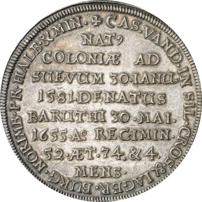 1 талер — Крістіан (Смерть) 1655 – 1655 Бранденбург-Байройт, маркграфство
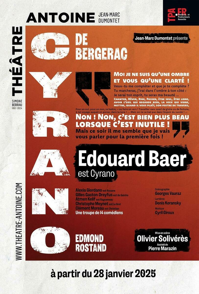 Tout le monde se trompe sur Cyrano. Cyrano est un Roc....friable, multiple, sensible, entier, éperdu, brillant, fidèle, abandonné par les grâces et pourtant étincelant de cœur et d’âme. A côté de Cyrano, nous sommes tous gris, définitivement gris. Sacré pari de tenter d’approcher cette icône du répertoire. Amoureux des mots, de la langue, de la poésie, homme de troupe, passeur d’émotions, Edouard Baer rencontre Cyrano comme une évidence. Sous la houlette d’Olivier Soliveres, une troupe de 14 comédiens servira un chef d’œuvre où tragique et sublime se conjuguent dans une langue hors du commun.
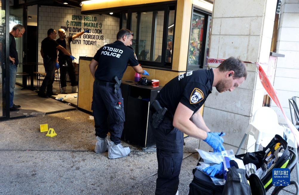 8月1日,在約旦河西岸猶太人定居點(diǎn)馬阿勒阿杜明,以色列警察在襲擊事件現場(chǎng)附近工作。
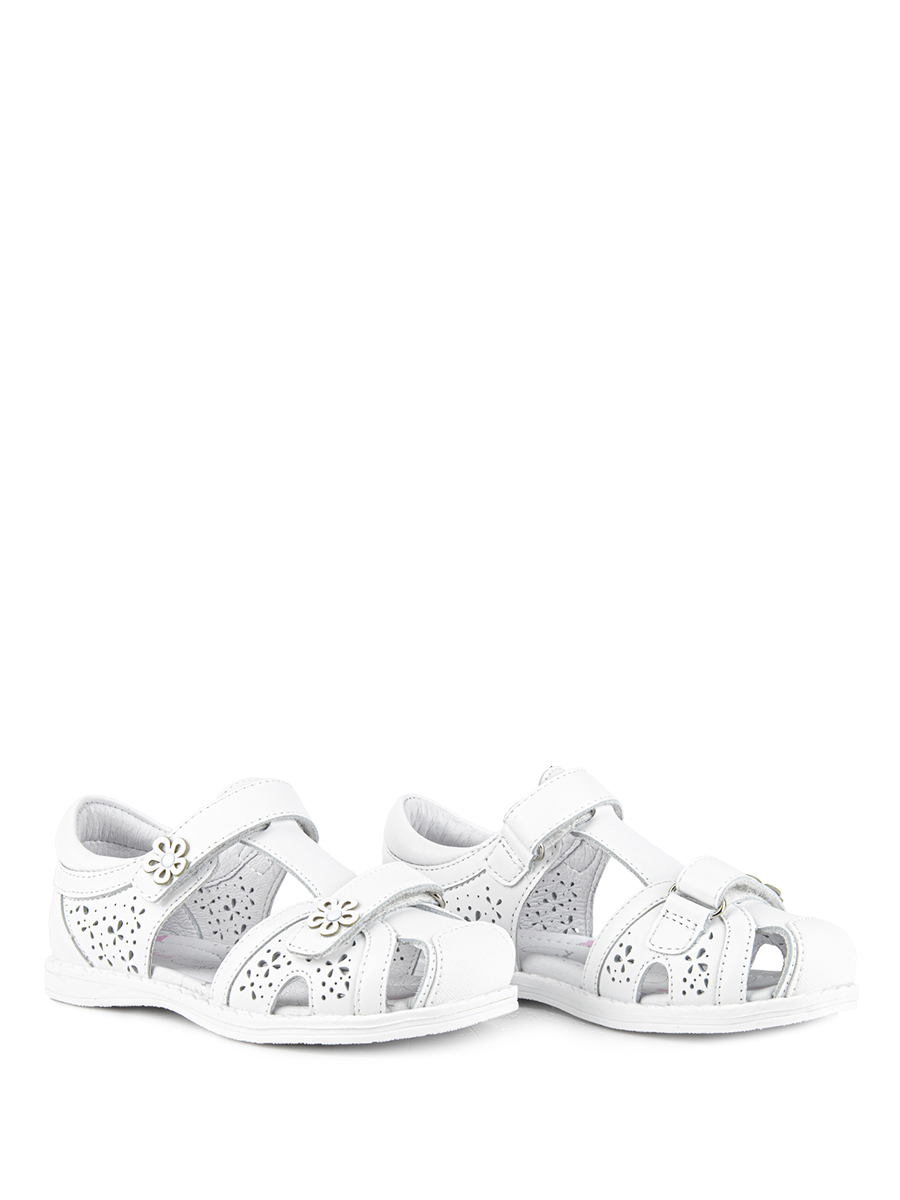 Сандалии для девочки изготовлены из натуральной кожи (верх, подкладка и стелька). Сандалии имеют жесткий задник и подсводник для поддержки и формирования правильной формы стопы. Подошва произведена из термопластичной резины (TPR), что обеспечивает долговечность и хорошее сцепление с поверхностью.

→ Your assignment
Once the pictures are set aside, please output all the data word for word.

→ Response
 1 талер — Крістіан (Смерть) 1655 – 1655 Бранденбург-Байройт, маркграфство
 Tout le monde se trompe sur Cyrano. Cyrano est un Roc....friable, multiple, sensible, entier, éperdu, brillant, fidèle, abandonné par les grâces et pourtant étincelant de cœur et d’âme. A côté de Cyrano, nous sommes tous gris, définitivement gris. Sacré pari de tenter d’approcher cette icône du répertoire. Amoureux des mots, de la langue, de la poésie, homme de troupe, passeur d’émotions, Edouard Baer rencontre Cyrano comme une évidence. Sous la houlette d’Olivier Soliveres, une troupe de 14 comédiens servira un chef d’œuvre où tragique et sublime se conjuguent dans une langue hors du commun.
 8月1日,在約旦河西岸猶太人定居點(diǎn)馬阿勒阿杜明,以色列警察在襲擊事件現場(chǎng)附近工作。
 Сандалии для девочки изготовлены из натуральной кожи (верх, подкладка и стелька). Сандалии имеют жесткий задник и подсводник для поддержки и формирования правильной формы стопы. Подошва произведена из термопластичной резины (TPR), что обеспечивает долговечность и хорошее сцепление с поверхностью.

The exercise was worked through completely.